This study explores in vivo the role that myeloid PCD plays during infection with two distinct pathogens. While the role of PCD in response to infection is well documented in vitro, less is known about what sort of balance is struck between controlling pathogen clearance and maintaining host resilience during in vivo infections. Both of the bacterial pathogens used in this study interact with myeloid cell death pathways, and this study focuses on the role that cell death controlled by bcl-2 plays during infection. Our data demonstrates that CD68(bcl-2)tg mice infected with either pathogen have decreased host resilience that occurs largely independent of any changes in pathogen clearance. This indicates that the rate of myeloid cell death is calibrated to preserve host resilience, and manipulations of this rate are detrimental to the host.

Results

Infection with L. pneumophila and S. pyogenes induces apoptotic cell death in macrophages

Bone marrow derived macrophages (BMDM) were infected with L. pneumophila.
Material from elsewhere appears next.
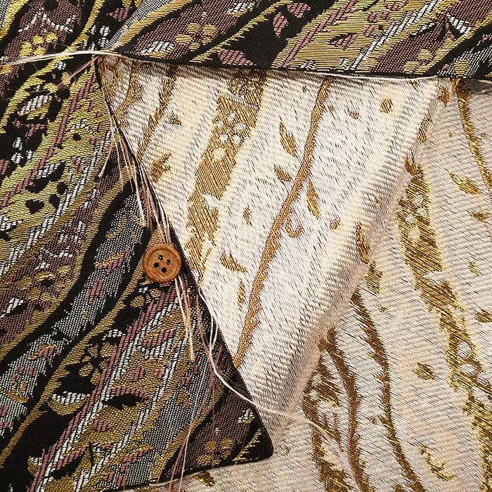 金糸や銀糸に色糸を交えて緯糸にし、紋様が浮き上がるように織った紋織物のひとつです。

Human macrophages are more permissive to infection by L. pneumophila than macrophages derived from most common mouse strains [70]. Triggering of the NAIP5 inflammasome by flagellin, results in rapid pathogen clearance in mouse macrophages. In order to better recapitulate the infection that is seen in human macrophages for our mouse model we used a ΔflaA strain of L. pneumophila. To compensate for the lack of motility the bacteria are spun briefly onto cells. Twenty-four hours after infection with L. pneumophila there was an increased number of apoptotic cells as indicated by flow cytometry staining using a stain for activated caspase-3/7. (Fig 1A). Similarly there was an increase in caspase-3/7 activation in BMDMs infected with S. pyogenes (Fig 1B). This apoptosis was dependent on the dose of bacteria given. L. pneumophila induced the most cell death at a multiplicity of infection (MOI) of 20 (Fig 1C). S. pyogenes induced cell death at an MOI as low as .001 (Fig 1D).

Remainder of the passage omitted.